Like a morning star. He brushed the water from his eyes and caught sight of the last few stars, fading into the easy blue sky. That same blue Chloe held within herself. 

He laughed, throaty and spilling out him, uncontrollable. After one last look upward, Lucifer ducked under the water, and swam back to shore. 

 

Admittedly, walking back into Lux in the middle of the morning wasn’t unusual, even when mostly naked with salt water drying on his skin. He spotted Maze behind the bar as he came down the stairs. 

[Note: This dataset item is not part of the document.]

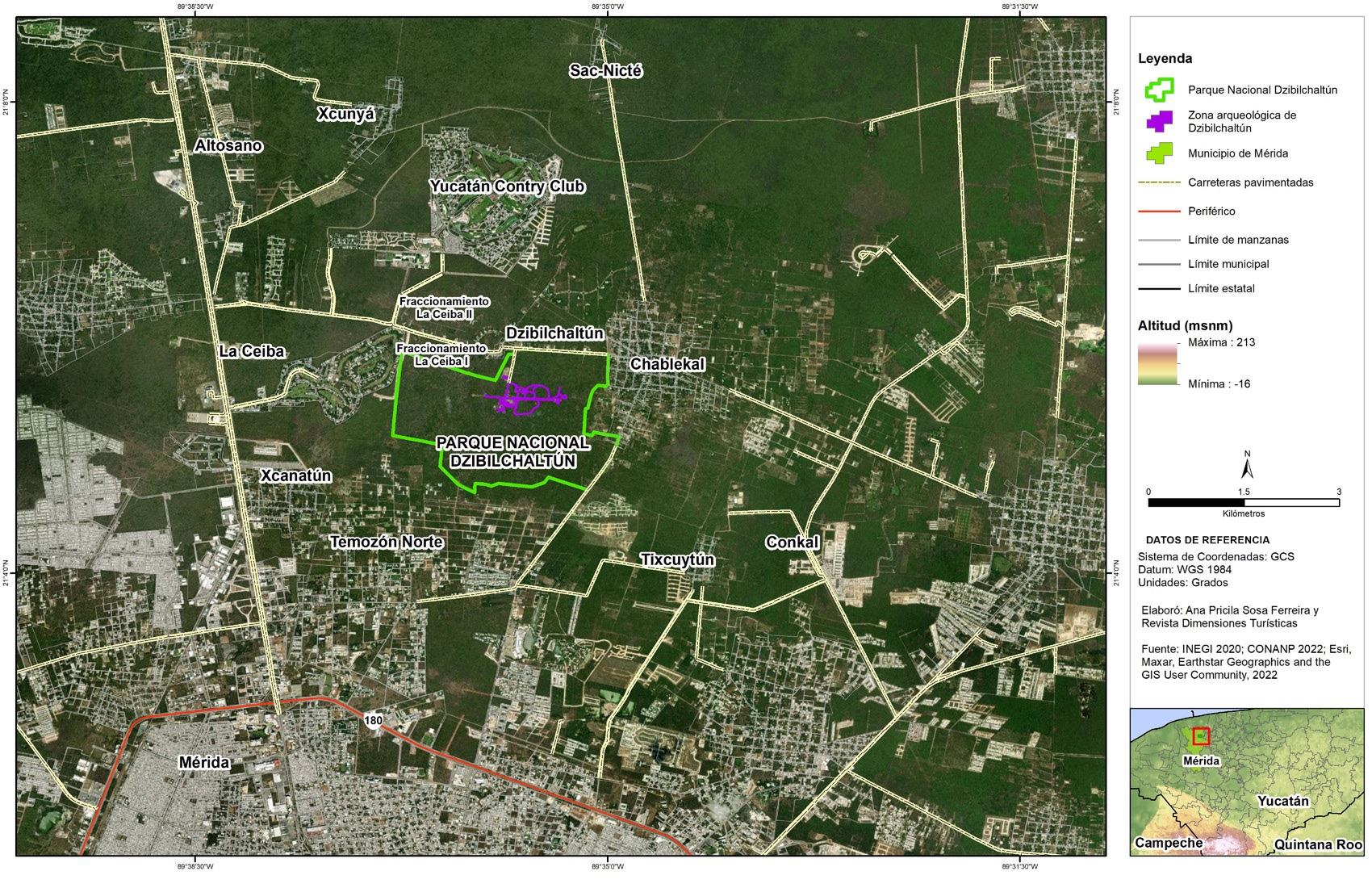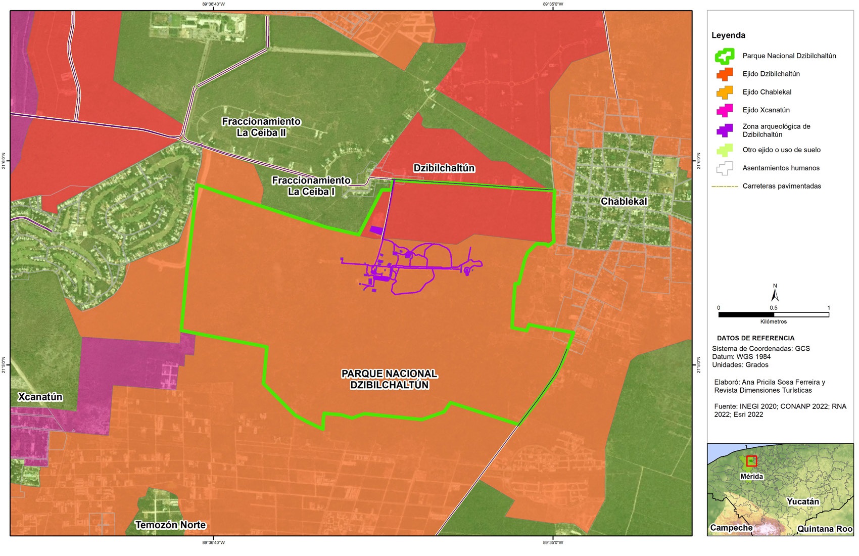 Figura 2. Ejidos de Dzibilchaltún, Chablekal, el Parque Nacional de Dzibilchaltún y la Zona Arqueológica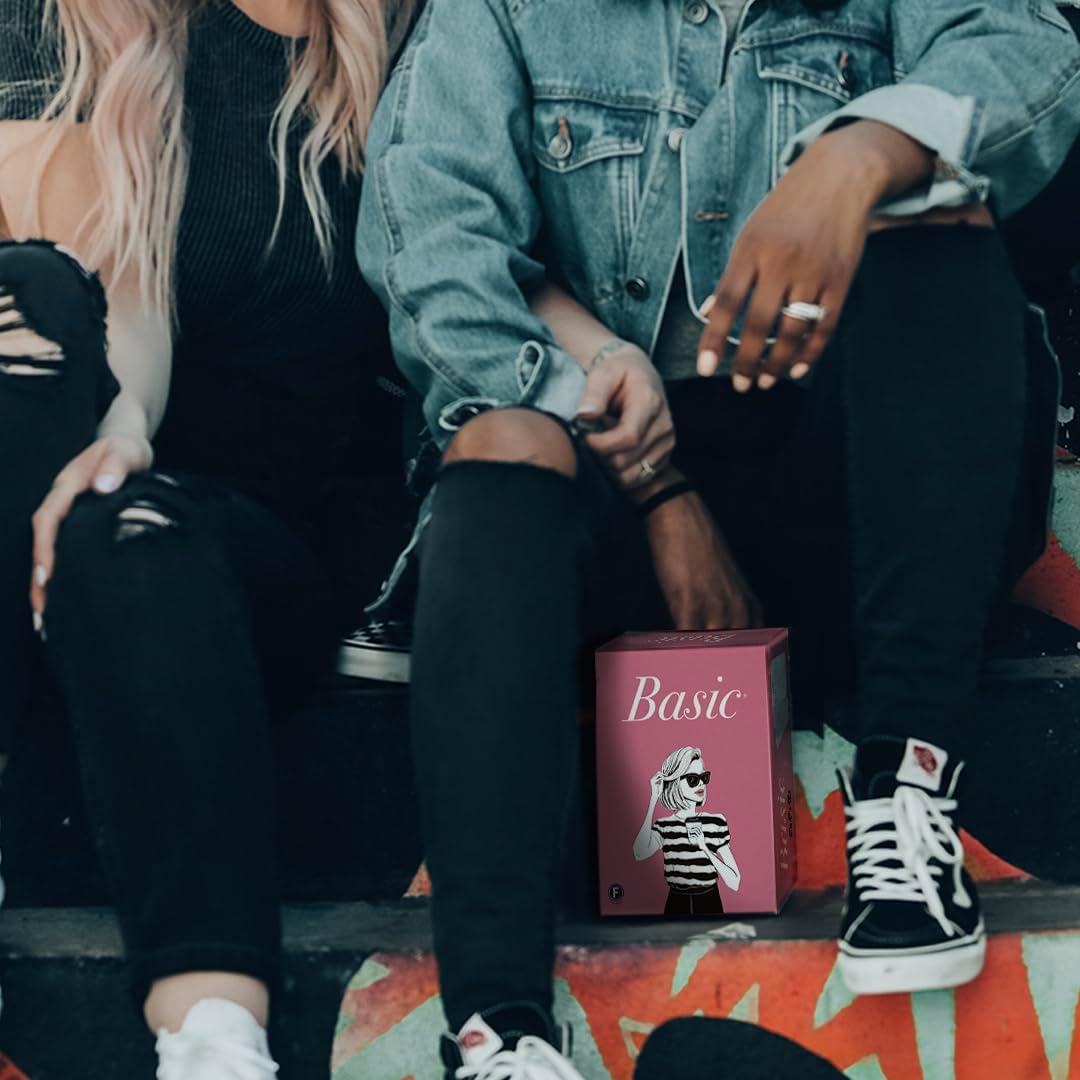 Basic AF: A party game for Basic B's! - Best played together with a group of 4-10 girls on your ladies night, Bachelorette party or just cuz. The sassiest party card game that has ever released so far. Find out which one of your friends is “most likely to…” bring a flask to work, disappear with the Channing Tatum look-alike, and other hilarious Basic tropes. This fresh pack of cards is sure to be a big hit for any girls' night! Basic is a must-have for family gatherings, trips, and vacations. Basic Betch is perfect for your ladies game night or an on the go trip to Lululemon. Have fun discovering things about your friends. WARNING! Highly addictive.Here is a friendly 350 reminder: This is the full card game, but check out our numerous expansion packs with focuses ranging from MOVIES to CAREER, and even more DARES to test your limits.Base Game includes 350 cards for you to laugh and enjoy with friends.

“We’re closed,” she told whoever was approaching, not bothering to see who it was.  
“Just one drink?” he asked, and she spun around, eyes wide. “Perhaps not.” he said, seeing her expression of confusion, of surprise.  
He quickly grabbed a seat at the bar, Maze still staring, holding an empty glass.  
“May I?” he asked, and reached over, plucking the glass from her fingers and choosing a bottle from behind the bar. He inspected the label, then opened and poured.  
“What’s wrong, Mazie? You look like I’ve grown an extra head.” She swallowed, and he continued. “That could be fine, I suppose. Depends which hea–”  
“You look,” she interrupted, and he put the glass to his lips, allowing the liquid to play on his lips for a moment.  
“Spectacular? Dashing? I know the hair’s not exactly cooperating.”  
She began to recover from her shock, her expression turning into a slight sneer. “Immaculate,” she spit out the word like it couldn’t leave her mouth fast enough.  
He continued to hold the glass but raised his eyebrows at the word. Maze wasn’t one to use such language.  
“I didn’t hear you come in,” she stated.  
“I’m very sneaky.” He put the glass down on the counter and swirled the liquid.  
“I didn’t sense you coming in,” she clarified.  
He stilled the glass.  
“I always know where you are. Always.”  
He raised the glass again but she stopped it, laying her palm flat on the top and pushing it back onto the counter. He looked into her eyes and saw apprehension, not rage. Gently he placed his hand on hers.  
“I’m always going to need you, Maze. Don’t worry about that.”  
She pulled her hand out from under his and left up the stairs. A door slammed. He finished his drink then went upstairs to clean up. There was one person he needed to see more than anyone right now.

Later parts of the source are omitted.